With that in mind, let’s take a look at one hedgie in particular: Robert Karr’s Joho Capital. Though he holds a relatively concentrated equity portfolio, Karr was honing in on a few stocks in particular at the end of the fourth quarter. Without further ado, here are his top five picks.
Google (NASDAQ: GOOG) has been Joho Capital’s No. 1 holding since the second quarter of 2012, and in Q4, Karr was actually upping his stake in the tech giant by 6%. All in all, Google now accounts for a whopping 26.2% of Karr’s total 13F portfolio, indicating that he’ll remain heavily reliant on the company for the foreseeable future. Since the start of 2013, Google’s stock price has risen by almost 13%, and shares are currently trading just off an all-time high north of $800. Most analysts still expect Google to experience annual earnings growth in the mid-teens over the next half-decade, and a forward P/E of 14.9x indicates there’s still value here.
Mead Johnson Nutrition (NYSE: MJN) and Estee Lauder (NYSE: EL), meanwhile, are Karr’s No.’s 2 and 3 picks. Both companies operate in the consumer goods sector, and Mead Johnson focuses on pediatric nutrition while Estee Lauder has its fingers in the household products industry.

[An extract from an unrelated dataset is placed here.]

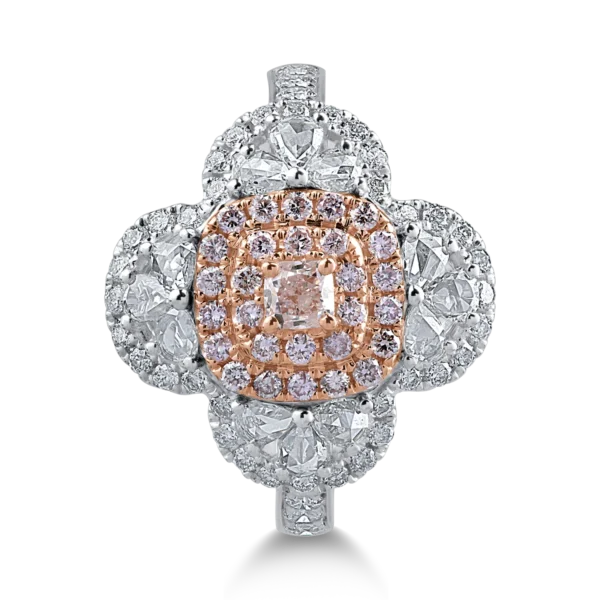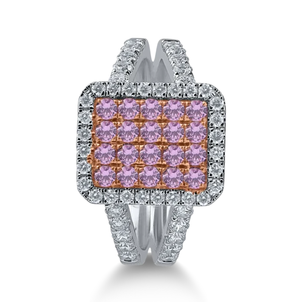 Inel din aur alb-roz cu diamante transparente rose si rotunde de 0.86ct si diamante roz cushion si rotunde de 0.43ct

Now, what ties these picks together is their potential. Of the 60 S&P 500-listed consumer goods stocks, both Mead Johnson and Estee Lauder lie in the upper third in terms of earnings growth expectations this year. The sell-side is forecasting Mead to sport EPS growth of 19.3%, while Estee’s figure is a bit higher at 23.9%. Both stocks aren’t particularly expensive given these prospects, and Karr is joined by notable hedgies like Cliff Asness, Ken Griffin (see Ken Griffin and Citadel’s new buys) and GAMCO Investors’ Mario Gabelli, who are invested in this duo.
Yum! Brands (NYSE: YUM) sits at 4th in Karr and Joho Capital’s portfolio, and it has turned in pretty uninspiring appreciation over the past year. Shares of the restaurant company are essentially flat over the past one-year and six-month time frames, and investors have actually lost close to 2% since the start of 2013. Wall Street’s average price target on Yum indicates that a 2-3% upside is still expected from current levels, but that’s still not much to hang your hat on. The key bullish thesis behind Yum is its above-average exposure to China; this could boost growth more than most pundits expect over the long, long term, and is likely something Karr is optimistic about.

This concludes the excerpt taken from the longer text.